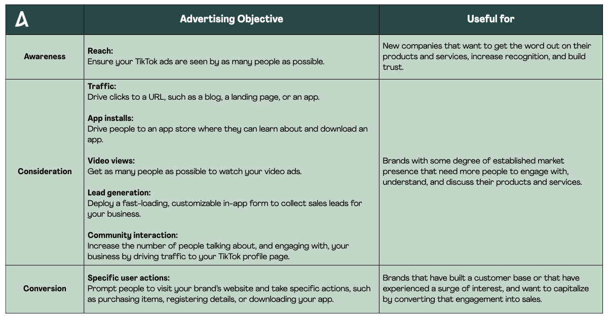 First thing’s first: when you set up your campaign, you’ll be guided to choose your advertising objectives. The TikTok Ads manager organizes 7 objectives into 3 categories: awareness, consideration, and conversion – each of which describe different business goals.
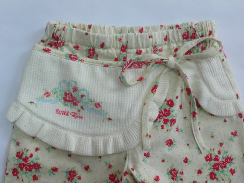 - エプロンの可愛いローズのワンポイント柄とドットとローズの総柄の組み合わせもお洒落なレギンスです。
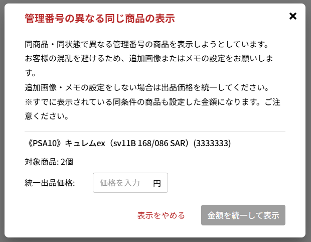 管理番号の異なる同じ商品をモールに表示しようとすると、以下のようなポップアップが表示されます。

-=-=-

Exercise objective: Give back the data exactly. Pictures stay out.

Result of this task:
 First thing’s first: when you set up your campaign, you’ll be guided to choose your advertising objectives. The TikTok Ads manager organizes 7 objectives into 3 categories: awareness, consideration, and conversion – each of which describe different business goals.
 - エプロンの可愛いローズのワンポイント柄とドットとローズの総柄の組み合わせもお洒落なレギンスです。
 管理番号の異なる同じ商品をモールに表示しようとすると、以下のようなポップアップが表示されます。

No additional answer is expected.